Extended Data Figure 2 Related to Fig. 2.
a, Representative metaphase spreads of TRF2ts MEFs transduced as indicated, collected after 24 h at 39 °C for telomere FISH. Original magnifications, ×63. b, Representative telomeric single-stranded G-overhang (ss TTAGGG) and total telomere (total TTAGGG) analysis in TRF2ts MEFs at 32 °C and after 48 h at 37 °C or 39 °C. c, d, Mad2l2 knockdown does not affect cell cycle parameters in TRF2ts MEFs. Cell cycle phase analysis was based on propidium iodide staining of asynchronously growing cells (c), as well as on 1 h incubation with BrdU, followed by detection of BrdU incorporation and propidium iodide staining for DNA content (d) (n = 3, mean ± s.d.). e, MAD2L2 is required for sister-telomere fusion upon activation of DNA repair in mitosis. Sister-telomere fusions were quantified in IMR90 cells expressing exogenous wild-type 53BP1 and RNF8, or 53BP1 (Thr1608Ala/Ser1618Ala) (TASA) and RNF8(Thr198Ala) (TA) mutant alleles, and depleted for endogenous RNF8 and 53BP1, as well as depleted for MAD2L2, RIF1 or PTIP (n = 4). f, Examples of DNA content profiles of TRF2ts cells transduced with the indicated shRNAs, grown at 32 °C, or for 48 h at 39 °C and stained with propidium iodide. Analysis of the fraction of cells with 8N (tetraploid) or >4N (aneuploid) DNA content was done on corresponding dotplots of which the results are shown in Fig. 2c.

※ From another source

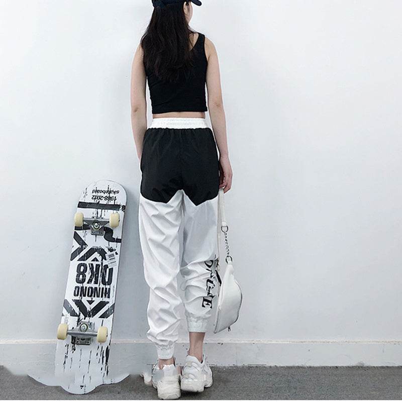 High Waist Letter Spliced Cargo Pants Women Loose Harajuku

Extended Data Figure 3 Related to Fig. 2.
a, qRT–PCR analysis of MAD2L2 expression levels in U2OS cells infected with control or MAD2L2 shRNAs, and used in the repair assays shown in Fig. 2d (error bars denote s.d.). b, c, qRT–PCR analysis of RAD51 (b) and MAD2L2 (c) expression levels in RAD51-depleted, E6E7-expressing U2OS cells used in the assays shown in Fig. 2e (error bars denote s.d.). d, Clonogenic survival assays of U2OS cells transduced with non-targeting control or 53BP1, RIF1 or MAD2L2 shRNAs and treated with the indicated doses of ionizing radiation (n = 3–4, mean ± s.e.m.). e, Western blot analysis of 53BP1, MAD2L2 and RIF1 in U2OS cells transduced with the indicated shRNAs. f, CSR in shRNA-transduced primary B cells (n = 2, mean ± s.d.). g, Western blot analysis of MAD2L2 and 53BP1 in CH12F3-2 B cells and mouse primary B cells transduced with the indicated shRNAs. h, MAD2L2 depletion does not affect cellular proliferation in murine B cells. CH12F3-2 cells transduced with control, 53bp1 or Mad2l2 shRNAs were loaded with CFSE and analysed by flow cytometry at 0, 24 and 48 h after stimulation. Profiles from all time points are plotted in the same histogram. i, MAD2L2 depletion does not affect the transcription of critical genes implicated in CSR. RT–PCR analysis of Aid (Aicda) mRNA, IgM and IgA germline transcript (GLT) levels using twofold serial dilutions of cDNA made from activated CH12F3-2 B cells transduced with the indicated shRNAs. Gapdh was used as a control for transcript expression.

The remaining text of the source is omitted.